During fiscal year 2009, 99.5 percent of unemployment benefit applications sampled for timeliness and 99.34 percent of sickness benefit applications processed met the RRB’s standard. Average processing times for unemployment and sickness benefit applications were 0.4 and 3 days, respectively.

In addition, 99.8 percent of subsequent claims processed for unemployment and sickness benefits met the RRB’s standard for fiscal year 2009. The average processing time for claims was 4 days.

The agency’s goals for processing unemployment and sickness applications in fiscal year 2009 were 99.5 percent timely for unemployment applications and 99.25 percent timely for sickness applications. The payment or decision goal for subsequent claims was 99.8 percent timeliness.

7. How did the RRB’s performance in meeting its standards in fiscal year 2009 compare to its performance in fiscal year 2008?

Fiscal year 2009 performance met or exceeded fiscal year 2008 performance in the areas of employee and spouse applications (whether filed in advance or not), initial survivor applications, spouse to survivor conversions, lump-sum death benefits, unemployment and sick
ness benefit applications and claims, and disability payments. Average processing times in fiscal year 2009 equaled or improved fiscal year 2008 processing times in the areas of unemployment benefit applications and unemployment and sickness benefit claims.
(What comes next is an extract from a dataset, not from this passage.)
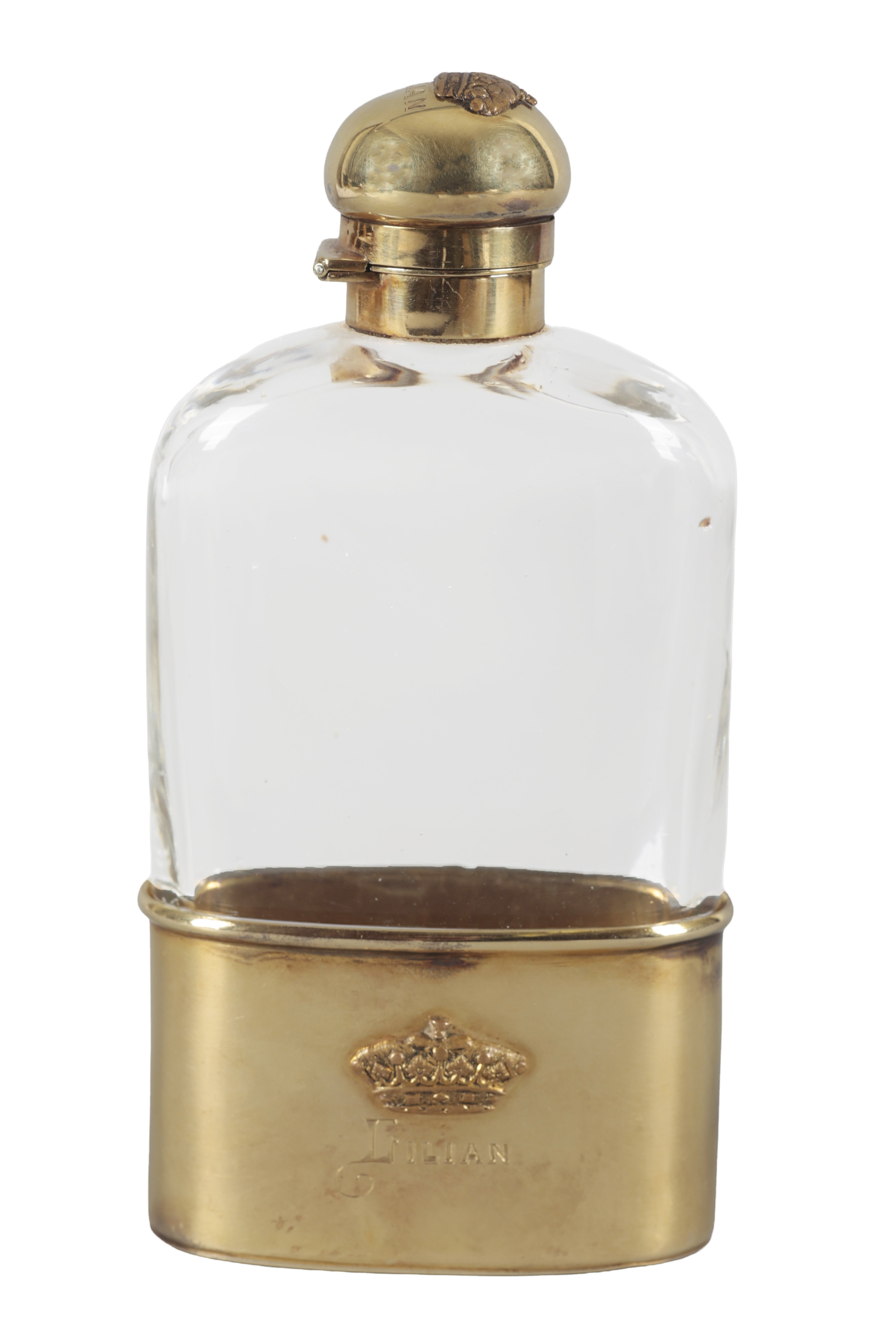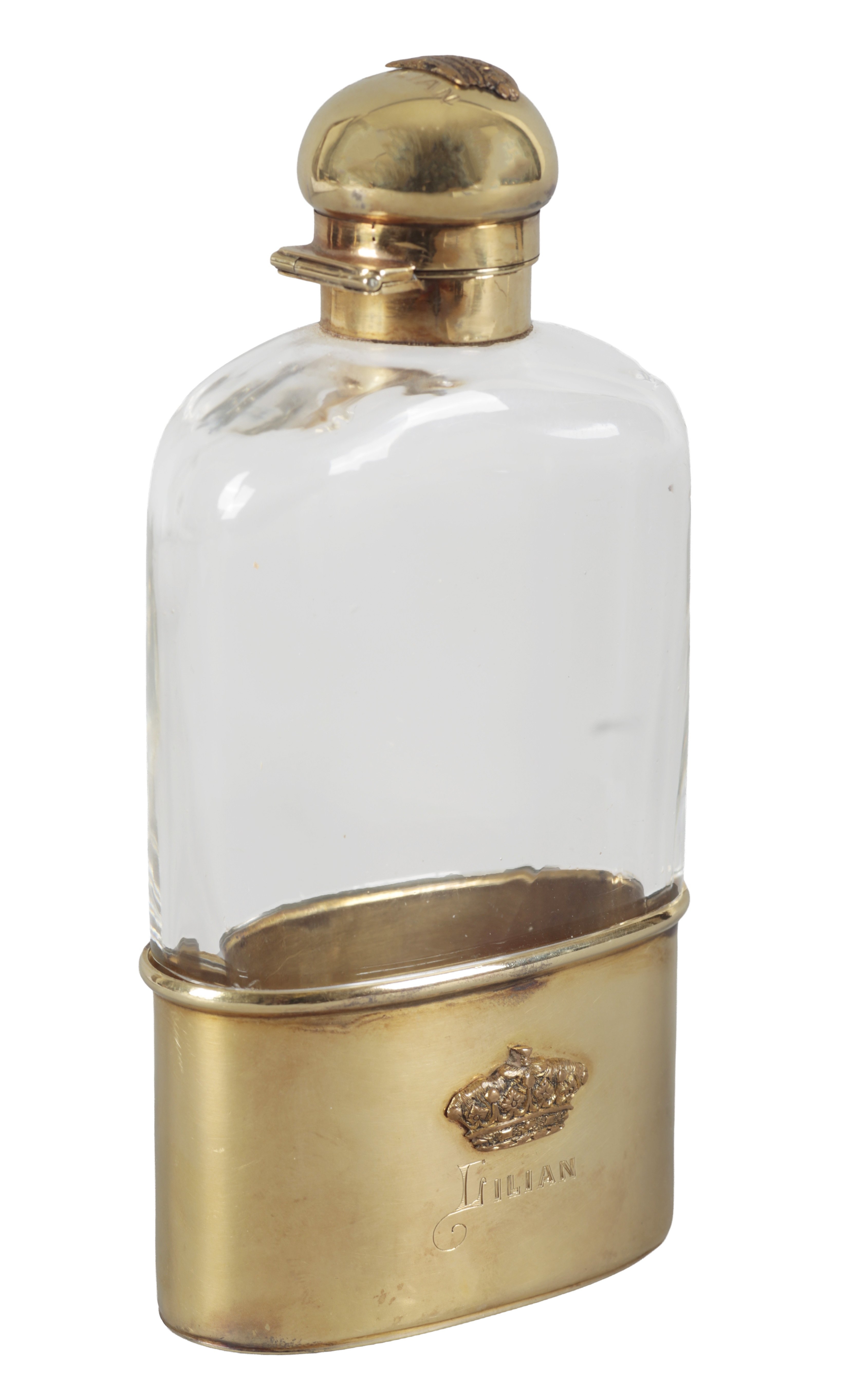 London 1888, the detachable base and stopper both bearing the applied crown of an Earl or Countess, further engraved 'Lilian', 14cm high x 7cm wide x 4cm deep

Also, for fiscal year 2009, the agency met or exceeded all of the customer service performance goals it had set for the year in its Annual Performance Plan with the exception of disability applications.

8. Can beneficiaries provide feedback to the RRB about the service they receive?

A Customer Assessment Survey form is available in every field office allowing beneficiaries to evaluate the service they received and suggest how the agency can improve its service. Persons not satisfied with the service they received may contact the manager of the office with which they have been dealing.

(The preceding release was issued by the Railroad Retirement Board on January 20, 2010.)